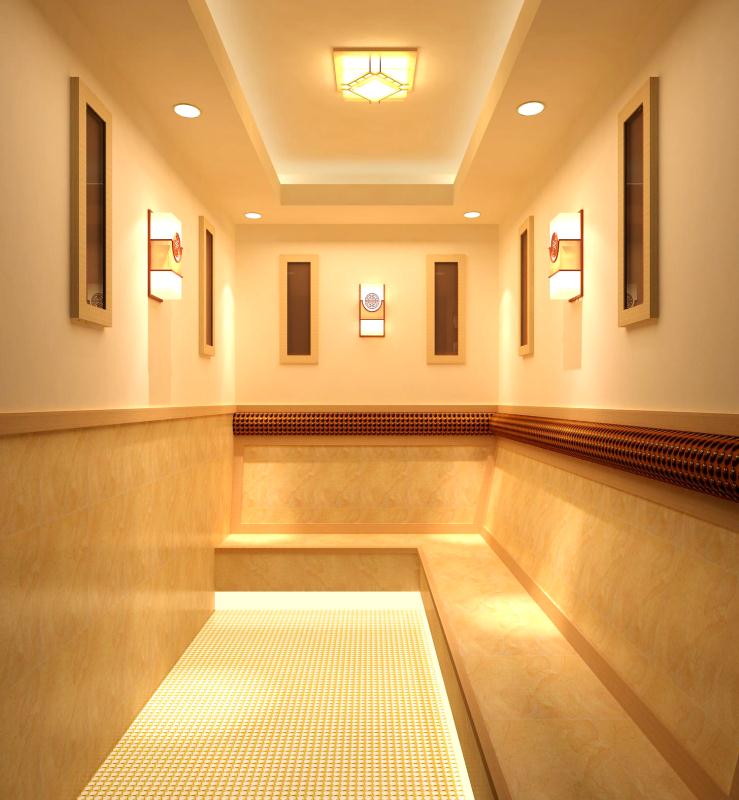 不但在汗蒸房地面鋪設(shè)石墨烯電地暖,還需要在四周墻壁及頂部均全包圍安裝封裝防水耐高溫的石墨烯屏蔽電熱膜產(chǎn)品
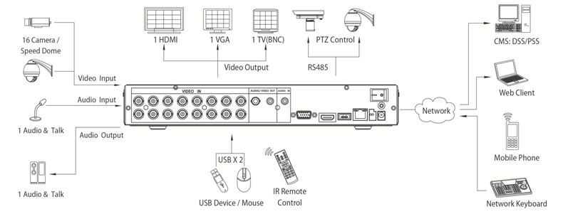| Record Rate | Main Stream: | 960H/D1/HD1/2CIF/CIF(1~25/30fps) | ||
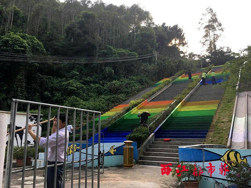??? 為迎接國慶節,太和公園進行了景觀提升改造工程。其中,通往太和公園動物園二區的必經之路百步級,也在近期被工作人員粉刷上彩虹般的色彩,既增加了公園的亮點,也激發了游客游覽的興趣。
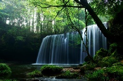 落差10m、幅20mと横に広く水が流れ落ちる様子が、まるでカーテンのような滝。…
* * *
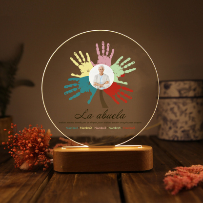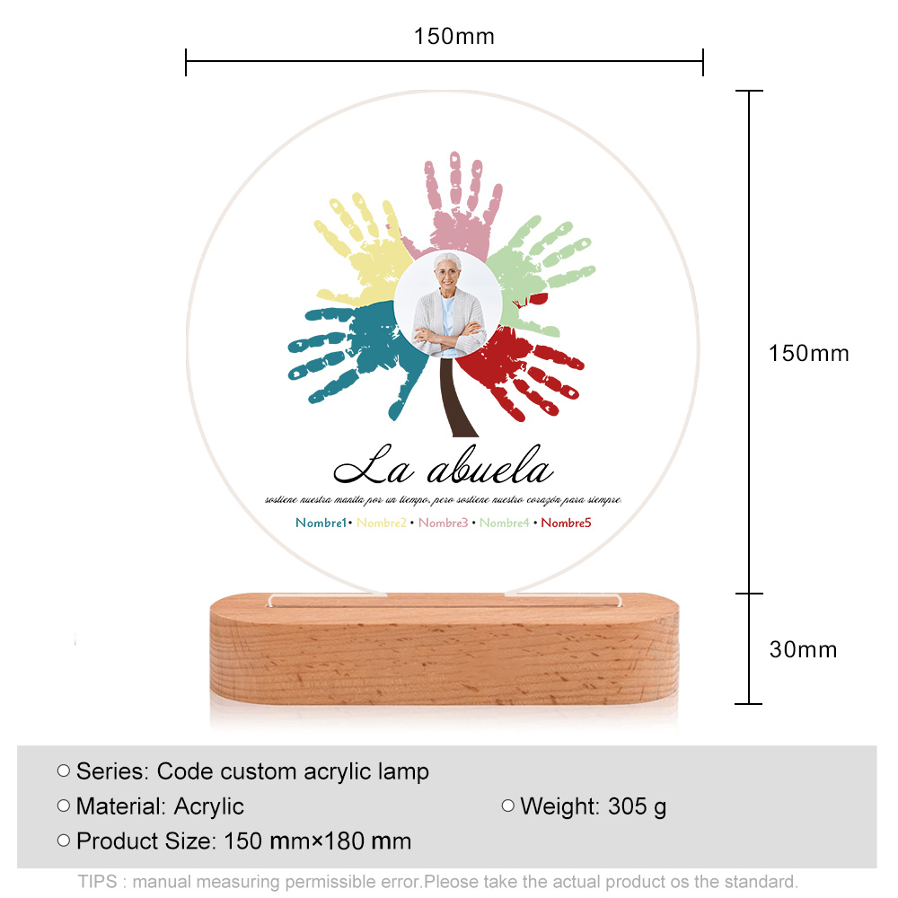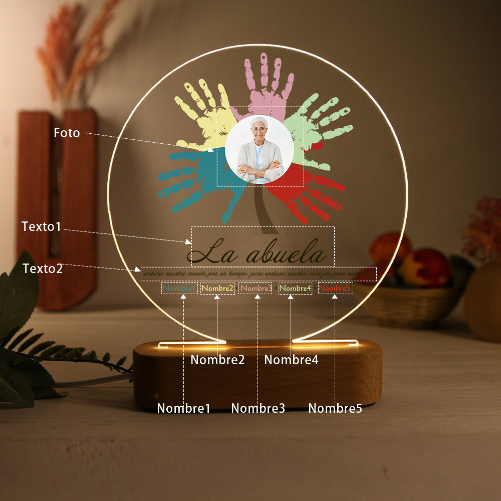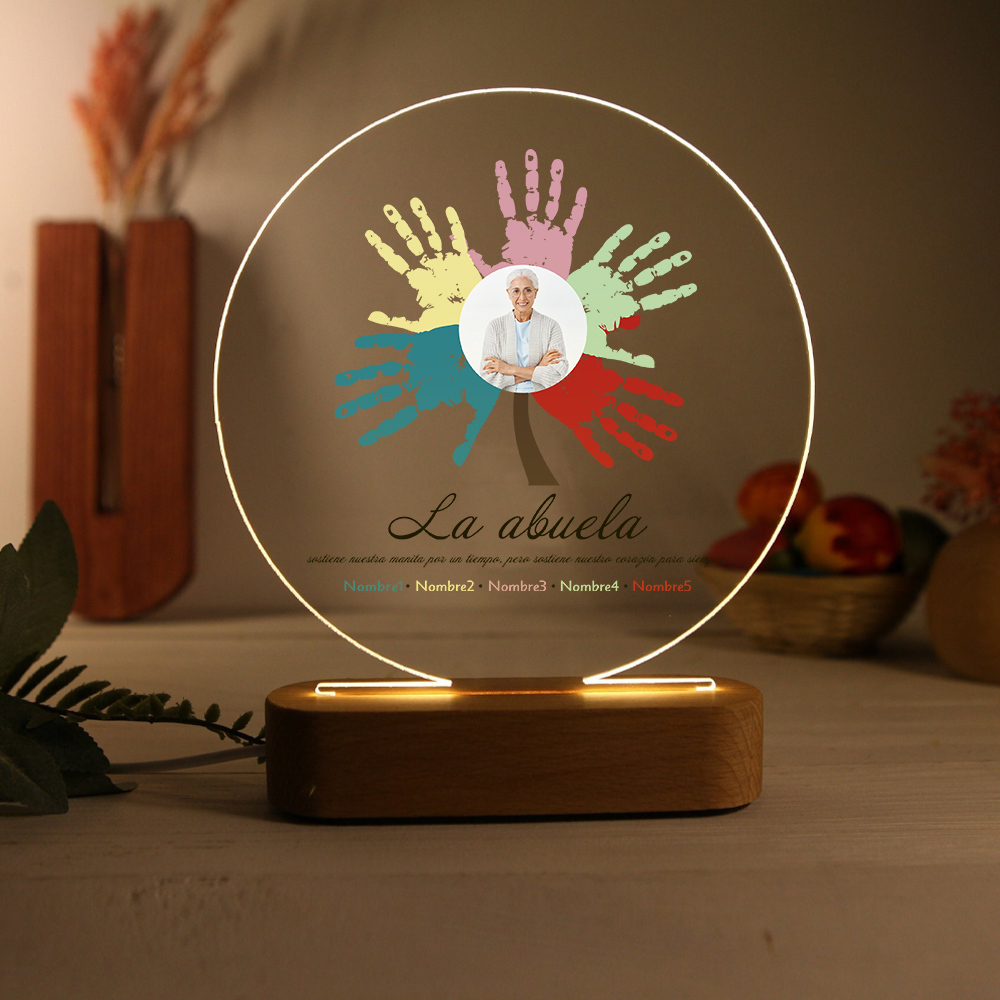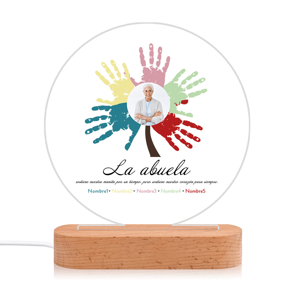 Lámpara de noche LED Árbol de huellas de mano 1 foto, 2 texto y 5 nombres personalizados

EXERCISE OBJECTIVE: In the material above, one part opens with the line containing "不但在汗蒸房地面鋪設(shè" and closes with the line containing "落差10m、幅20mと横に広". Write out that part exactly and skip its pictures.

SOLUTION TO THIS TASK:
 不但在汗蒸房地面鋪設(shè)石墨烯電地暖,還需要在四周墻壁及頂部均全包圍安裝封裝防水耐高溫的石墨烯屏蔽電熱膜產(chǎn)品
| Record Rate | Main Stream: | 960H/D1/HD1/2CIF/CIF(1~25/30fps) | ||
??? 為迎接國慶節,太和公園進行了景觀提升改造工程。其中,通往太和公園動物園二區的必經之路百步級,也在近期被工作人員粉刷上彩虹般的色彩,既增加了公園的亮點,也激發了游客游覽的興趣。
 落差10m、幅20mと横に広く水が流れ落ちる様子が、まるでカーテンのような滝。…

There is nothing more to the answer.